Why Black Rice is not just a gourmet fad but has health benefits too

September 21, 2010 by  
Filed under featured, Food & Nutrition, Health

You may have noticed when strolling down the aisles of your supermarket that in the “exotic foods” section that among the ordinary everyday types of rice — of which there are already quite a few — you may have noticed something called Black Rice. What you may not know is just how special it is and what a treasure house of nutrients it contains.

In ancient China, nobles commandeered every grain of a variety of black rice known as “Forbidden Rice” for themselves and – as is the way with rulers all over the world — issued an order forbidding the common people from eating it. Well now you can take your revenge and raid the supermarket shelves to treat yourself because new scientific research has discovered that a spoonful of black rice bran contains more health promoting anthocyanin antioxidants than are found in a spoonful of blueberries, plus the rice bran has less sugar, more fibre and an abundance of vitamin E.
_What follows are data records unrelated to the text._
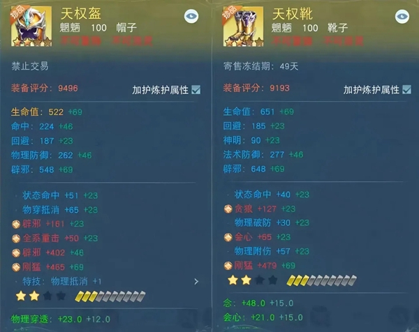 右边宝石以防御为主,在坚持高血量的基础上继续多方位提升防御。有条件的少侠金色宝石可以选择双高级知彼+御心,紫色宝石可以继续巩固双防,选择物防+法防,蓝色则都是加厚血条的生命+体力。
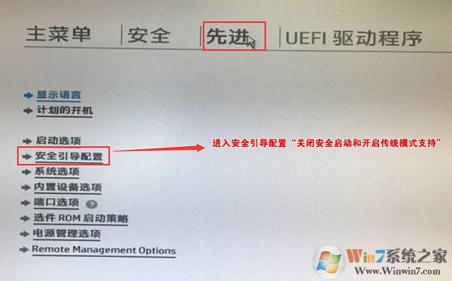 2、进入BIOS后,将移动键盘到“先进”选项下,选择"安全引导配置",按回车键进入设置;
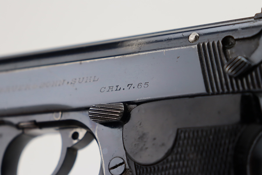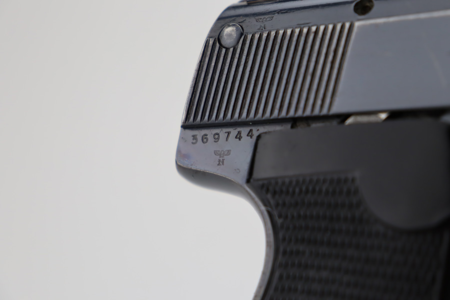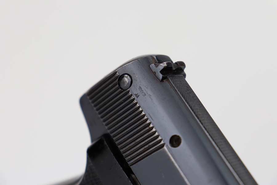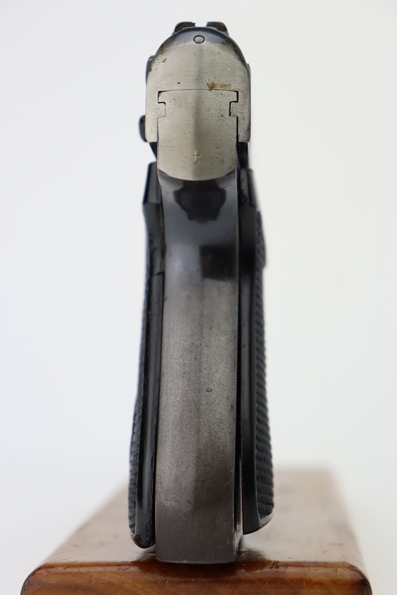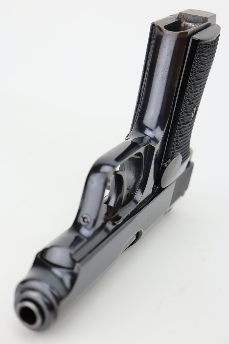 10/11/23 – This is an early, high polish Sauer 38h issued to the Nazi military during WW2. All matching with the proper “Eagle 37” military acceptance proof. The bluing rates roughly 80% with the majority of wear on the back strap and on the tang. There is also general minor high edge wear, some pin-pricking around the muzzle, and a scratch on the left side of the slide. Fitted with period-correct black bakelite grips – crack on the left side. Comes with a reproduction magazine. Mint bore. The gun seems to be fully functional, but there is a small circular part missing from the right side of the frame.
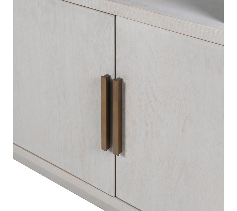 Spodná časť knižnice je riešená ako štvordverová skrinka, ktorá poskytuje bohatý úložný priestor. Je rozdelená policou, čím vzniká praktické miesto na uskladnenie dokumentov, porcelánu alebo domácich doplnkov. Otváranie je riešené pomocou štíhlych vertikálnych kovových úchytiek v patinovanom mosadznom prevedení, ktoré dodávajú nábytku elegantný kontrast.
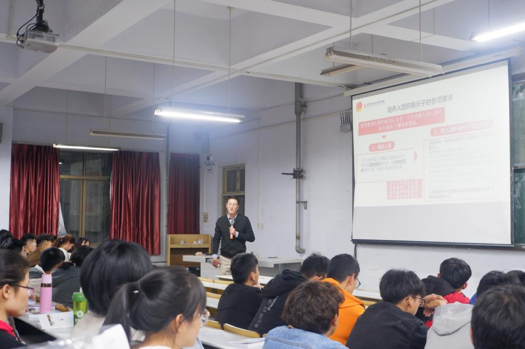 王鹏飞向同学们介绍了团务基础知识,带领同学们了解入党积极分子的确定和培养教育,并讲解了其中的各项要求和团员关系接收的各项流程。随后,王鹏飞对智慧团建、青年大学习的要求和情况进行了详细的讲解,并对同学们提出了明确要求。
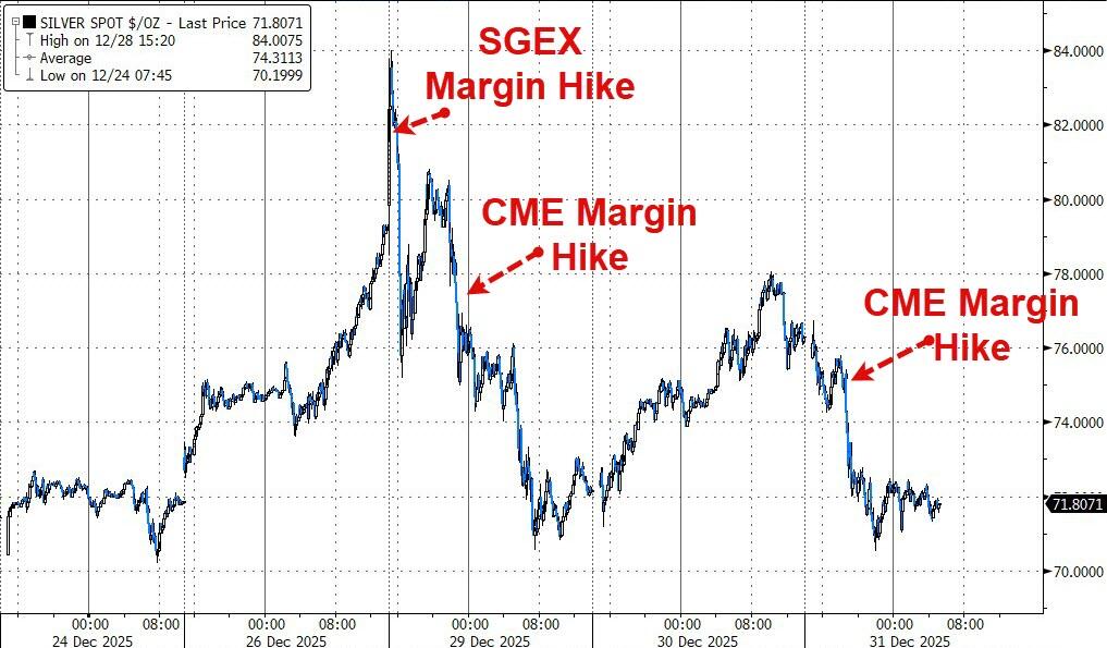 That ‘volatility struck over the weekend with Monday’s big price retreat:  silver prices did take a significant downward presumably because of another increase in margin levels at the CME during a very illiquid time of year, and positions being adjusted, with initial margins jumping $3,000/oz from $22,000/oz to $25,000/oz.  This followed an increase on Dec 12th, 2025, with a 10% increase in margins to the $22,000/oz level.
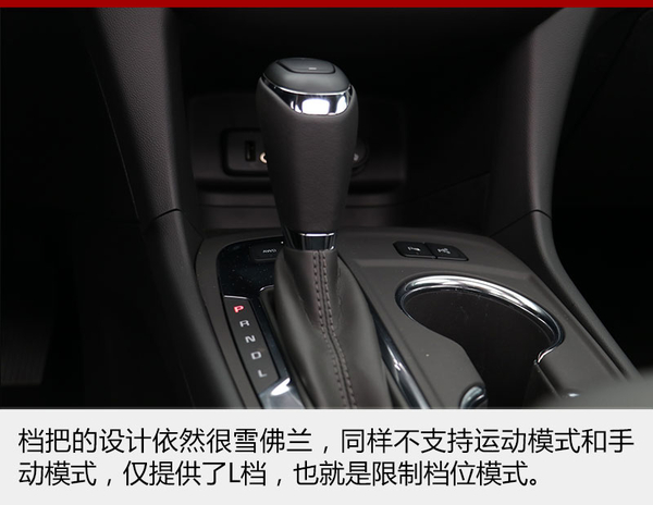 有一點(diǎn)我不是很明白,雪佛蘭最新的設(shè)計(jì)理念已經(jīng)開始向運(yùn)動(dòng)發(fā)展,但是它旗下的車型都不帶有運(yùn)動(dòng)模式和手動(dòng)換擋模式,僅僅是提供了L檔,也就是所謂的限位檔,通過檔把上方的加減按鍵可以手動(dòng)使變速箱限制在相當(dāng)?shù)臋n位上,D檔模式下此按鍵無(wú)效。
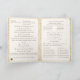 Design interior displays the traditional format for a Catholic wedding program. Includes room for up to five bridesmaids and groomsmen, plus Maid/Matron of Honour. Clear, easy-to-read customisable text is displayed in an elegant coffee-coloured font against a delicate background colour known as "Bridal Heath."
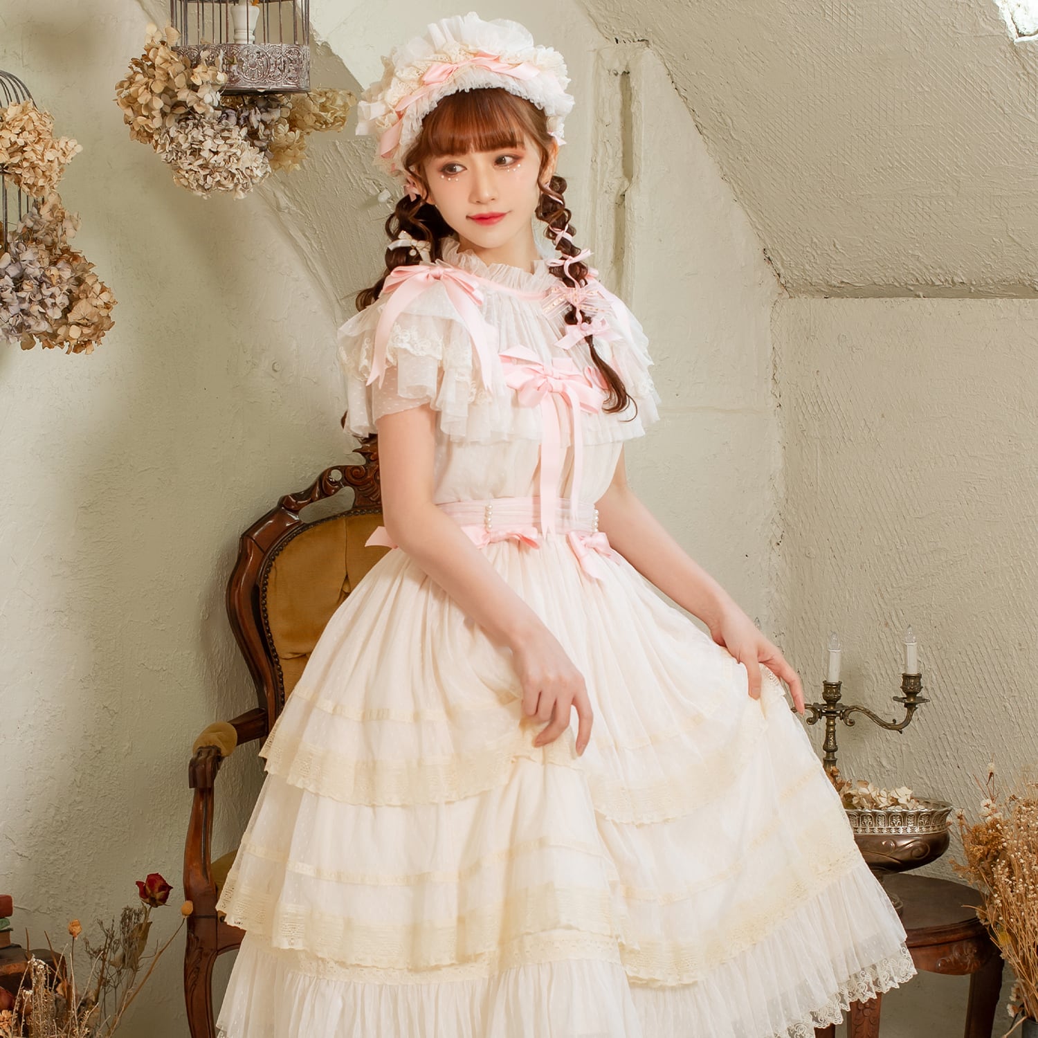 パステルカラーのサテンリボンとパール付きベルトがやさしい色合いのアクセントに。

In case you think this is a propaganda press release on behalf of the Chinese Department of Agriculture let me assure you this comes from Louisiana State University in Baton Rouge, USA. Many fruits are known to be rich sources of anthocyanin antioxidants and these phytochemicals show promise for fighting heart disease, cancer, and other diseases but this is the first time that black rice has been shown to have the same properties. . As part of a healthy diet many people have switched to brown rice — which is certainly an improvement on white rice — but it seems that black rice could be even more beneficial.

Brown rice is the most widely produced variety of rice in the world and has a brown colour because only the outer husks, or “chaff”, are taken off the rice grains during milling. When rice is processed more, and the underlying nutrient-dense bran is removed, the result is white rice. If you eat brown, not white, rice you are making a far healthier choice as the bran contains higher levels of gamma-tocotrienol, one of the vitamin E compounds, and gamma-oryzanol antioxidants, which are lipid-soluble antioxidants.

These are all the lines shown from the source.